Владимир Федорович Одоевский
Живописец
Из записок гробовщика
Однажды, когда я сидел у Мартына Григорьича, вошел мастеровой:
– Пришли от Данила Петровича.
– Зачем? – спросил хозяин.
– Да за гробом.
– Кто у них умер, уж не жена ли?
– Нет, Данила Петрович сам изволил скончаться…
Мартын Григорьич всплеснул руками:
– Может ли это быть? Бедный! Давно ли мы с ним виделись?.. Такой талант! Такое сердце!
– Просят дощатого гроба подешевле, а у нас такого нет, – прервал его хладнокровно работник.
– Неси какой есть готовый, не твое дело… Бедный, бедный Данила Петрович!.. – С сими словами он взял шляпу и сказал мне: – Хотите ли поклониться праху незнакомого вам, но замечательного человека? Пойдемте со мною. Вы слыхали о Шуйском?..
– Никогда, – отвечал я, – но я готов идти с вами.
– Так! Участь этого человека быть неизвестным; но по крайней мере он начнет жить после смерти; может быть, мне суждено быть его проводником к бессмертию. Неужели и вы не знаете, что мой бедный неизвестный Данила Петрович был, может быть, одним из первых живописцев нашего времени?..
– Я никогда не видал ни одной его картины…

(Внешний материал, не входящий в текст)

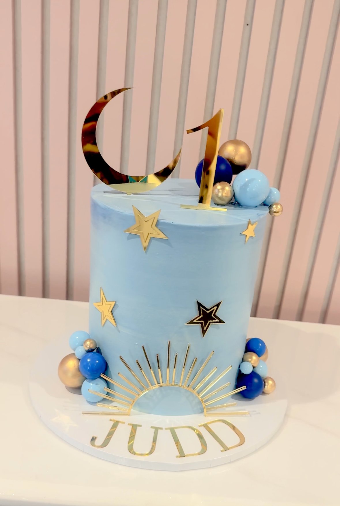 This dreamy celestial-themed cake features a soft sky-blue finish adorned with golden stars, decorative spheres, and a striking gold crescent moon and number topper. Perfect for celebrating a first birthday, this cake captures the magic of the night sky in an elegant and modern design. Finished with a shining sunburst detail and the child’s name in gold, it’s a truly eye-catching centrepiece.
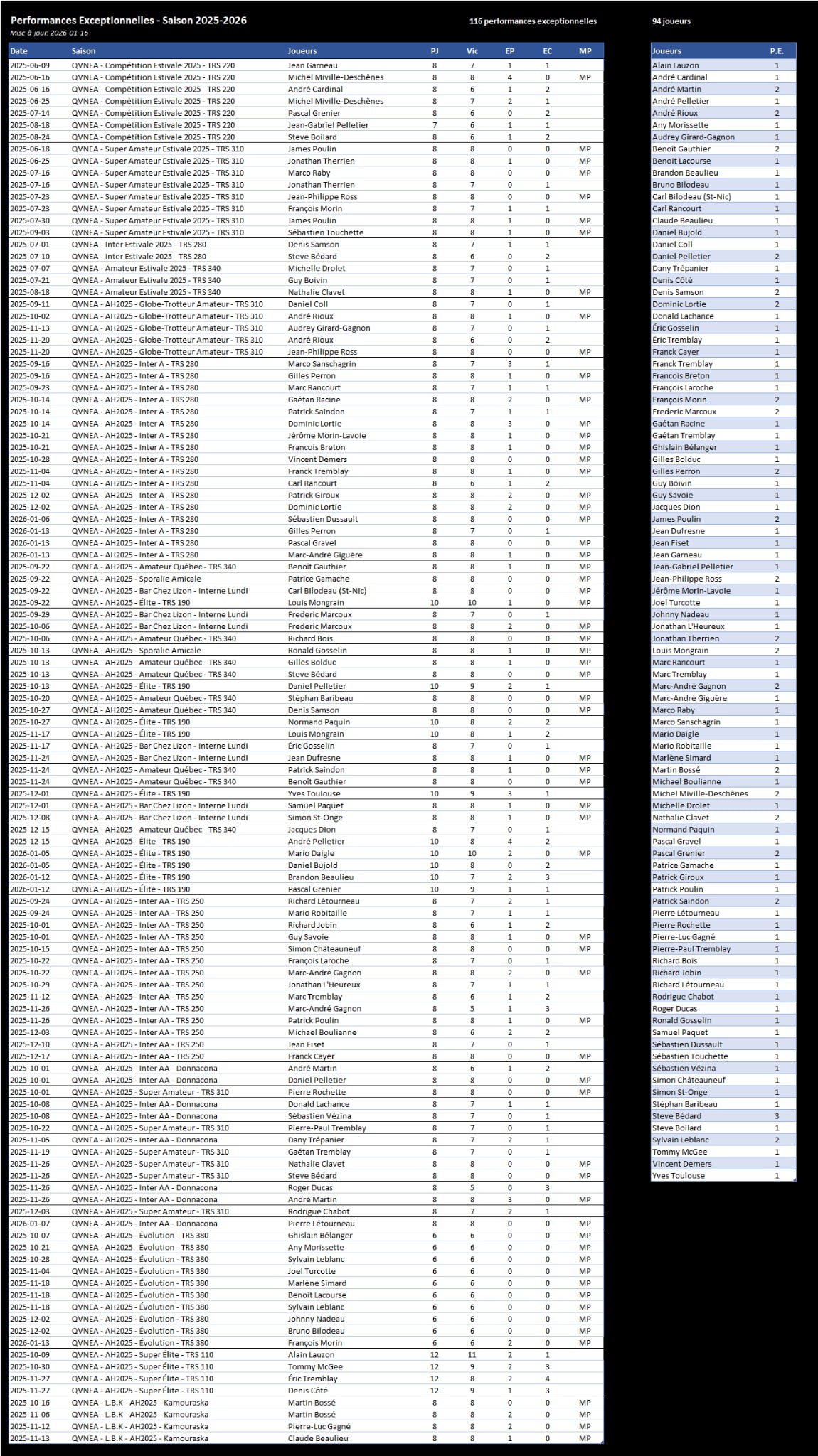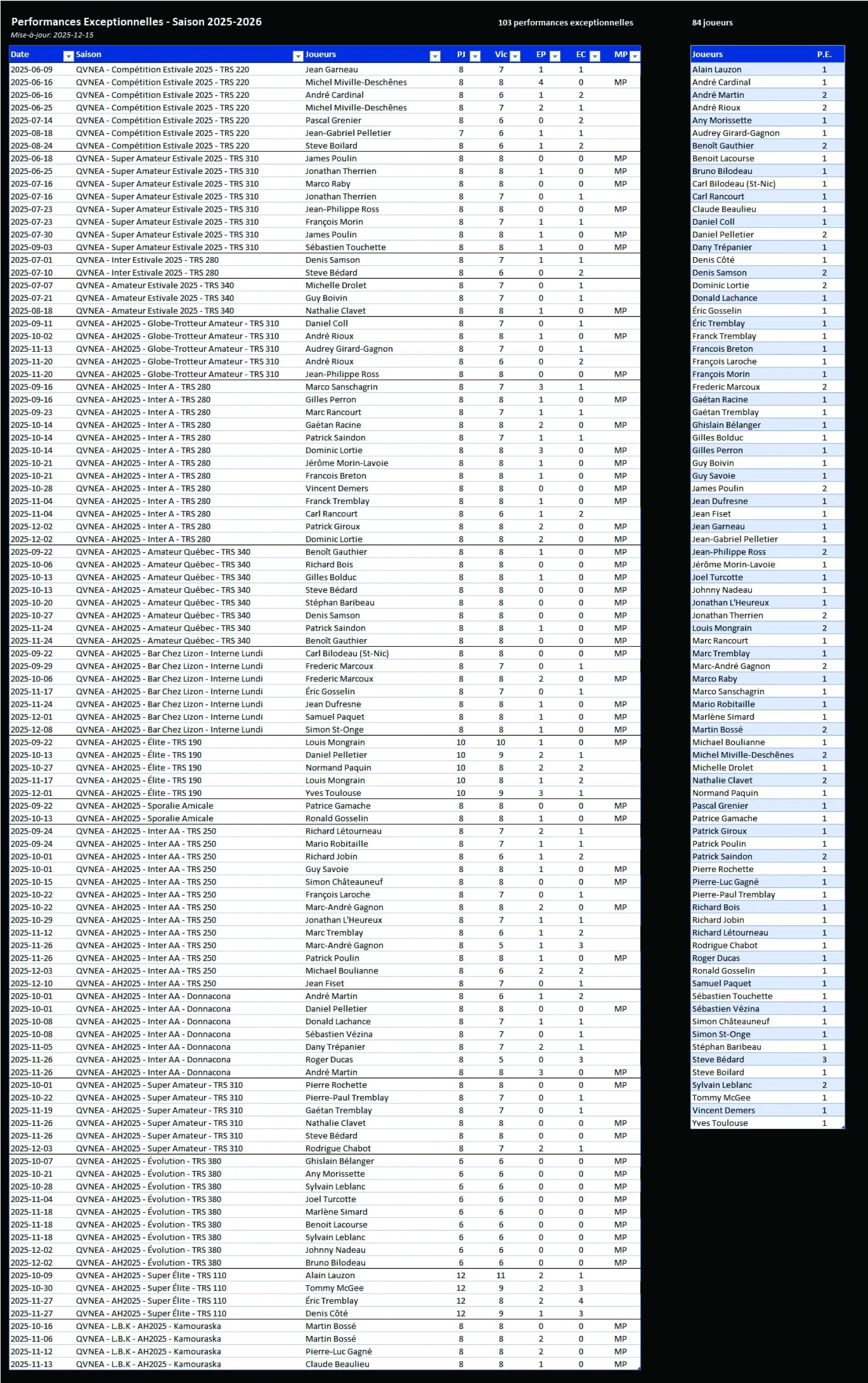 Participer au tournoi : Les participants ayant atteint une Performance Exceptionnelle seront invités à un tournoi gratuit organisé en mai prochain lors du Championnat QVNEA au Colisée de Loretteville.
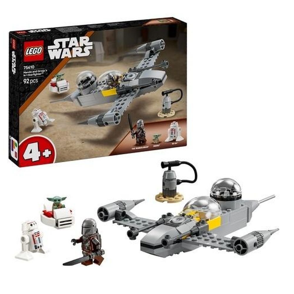 Ten prosty zestaw LEGO dla 4-latka z modelem myśliwca N-1 zawiera trzy postacie LEGO Star Wars: Mandalorianina z mrocznym mieczem i plecakiem odrzutowym, Grogu z lewitującym wózkiem i droida R5-D4. Dzieci mogą umieścić minifigurkę Mandalorianina w otwieranym kokpicie myśliwca N-1, a Grogu w części pasażerskiej z tyłu.

– Не мудрено, потому что у него не было ни одной конченой; но пойдем в его мастерскую, и вы уверитесь, что я говорю правду. Я недавно с ним познакомился; он был очень, очень беден, но все, что скрывалось в его голове, все, что нечаянно он бросил на полотно нетерпеливою кистию, того я вам пересказать не сумею… Вы сами увидите…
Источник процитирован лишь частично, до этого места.